It was the band's first album to combine experimental material with transitional pieces and segues. The single "Death Valley '69", which did not chart in either the US or UK the track was re-recorded for the album and released again as a single in June 1985. The album was named after the 1969 song "Bad Moon Rising" by Creedence Clearwater Revival.
The New York press largely ignored Sonic Youth as well as the noise rock scene in the city, until after a disastrous London debut in October 1983 that actually received rave reviews in British papers. When they returned to New York, the queue at CBGB for the band's concerts went around the block. By mid-1984, Sonic Youth were playing almost weekly in the city, but its members started to realize that there was little future in their musical approach; Moore later said, "it was getting to the point of overkill". They retreated to the rehearsal room, retuned their guitars and changed their equipment so that they were unable to play their old songs, and began writing new material.
After a period of intense songwriting, the band entered producer Martin Bisi's BC Studio – implicitly, "Before Christ Studio", which is how the band credited it on the album – in Brooklyn, New York in September 1984. Bisi had recorded early rappers and local avant-garde musicians such as John Zorn, Elliott Sharp and Bill Laswell.
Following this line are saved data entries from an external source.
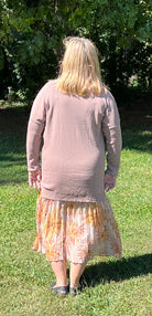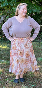 Mocha V-neck sweater in a silky rayon/nylon knit. Subtle ribbing at cuffs and hem with a relaxed hi-lo silhouette. Smooth, soft, and easy to wear whether over leggings or tucked into a skirt (as shown below with our floral mocha and gold skirt). ***Note the color difference in shade vs sunlight.***
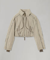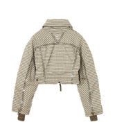 ポニーテール用の穴が開いた取り外し可能なフードとファスナー付き胸ポケットを備え、バンジーコードで完璧なフィット感を実現。さらに、全体に施されたチェック柄の縫い目のディテールとリフレクティブ(再帰反射)素材の糸が、同コレクションの2イン1スカートとマッチし、統一感のあるスタイルを叶える。
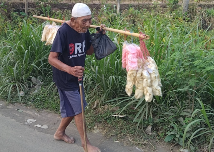 Upahnya itu kakek gunakan buat makan sehari-hari. Kakek cerita, sekarang ia tak bisa berjalan jauh kaki dan tubuhnya sering sakit, buat jalan pun kakek pakai tongkat sambil memikul kerupuk dan tanpa alas kaki.
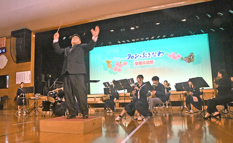 【沖永良部】第29回ヨロン・おきなわ音楽交流祭(同実行委員会主催)が20日、与論町砂美地来館であった。与論と沖縄から14団体193人が参加。吹奏楽やエイサー、和太鼓、バトントワリングなどで交流を深めた。
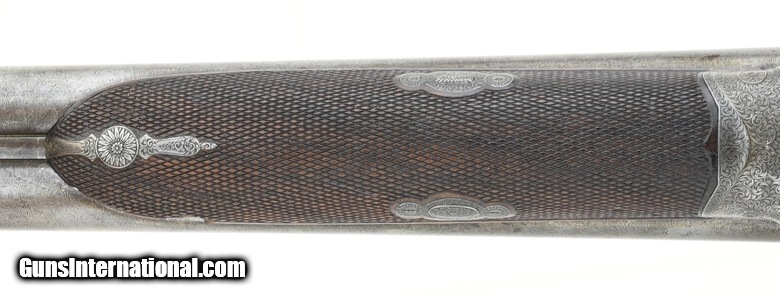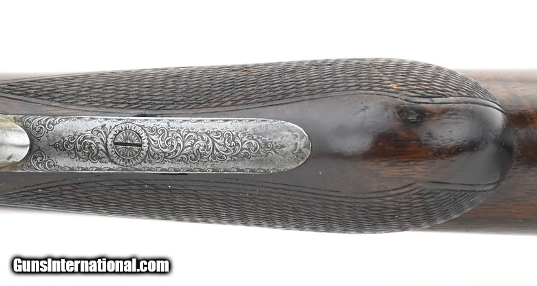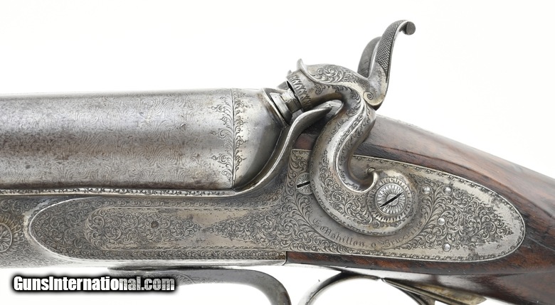 Description: Mahillon Double 12 Gauge shotgun. Very fin e Belgian made double with 30” Damascus barrels. Sidelocks, hammers, receiver, under lever and tang are scroll engraved. Walnut stock is nicely figured with contrasting colors. Stocks are finely checkered. Butt stock has heel and toe plates and is checkered between. Action and hammers work perfectly. Locks are marked “Mahillon Bruxelles”. A great example of quality craftsmanship.

Bad Moon Rising's style has been described as noise rock, no wave and experimental rock. The album begins with "Intro", a short instrumental featuring several guitars, described by Michael Azerrad as "a melancholic, meowing slide line playing off a delicate stack of crystalline arpeggios." "Intro" segues into the next song, "Brave Men Run (In My Family)". The song begins with a single riff repeating for a minute. The riff fades into the album's third song, "Society Is a Hole", "a one-chord hymn to big-city anomie". Sonic Youth's use of transitional pieces in the album was inspired by their live shows, which featured either Moore or Ranaldo tuning guitars for up to five minutes while the other played slow transitory guitar riffs or prerecorded sound collages.
"I Love Her All the Time" features extensive prepared guitar by Ranaldo and the use of one chord, with a noise section in the middle; like many of the album's songs, it focuses on texture and rhythm rather than melody. The second side of Bad Moon Rising, which comprises the experimental "Ghost Bitch" (which features Ranaldo on acoustic guitar and references Native Americans' first encounter with European settlers), "I'm Insane" and "Justice is Might", expands on the soundscape concept; the songs feature repeating guitar riffs that segue from one song to the next, while Moore and Gordon mumble cryptic lyrics.
"Death Valley '69", the album's closer, was the result of a collaboration between Moore and New York singer and poet Lydia Lunch.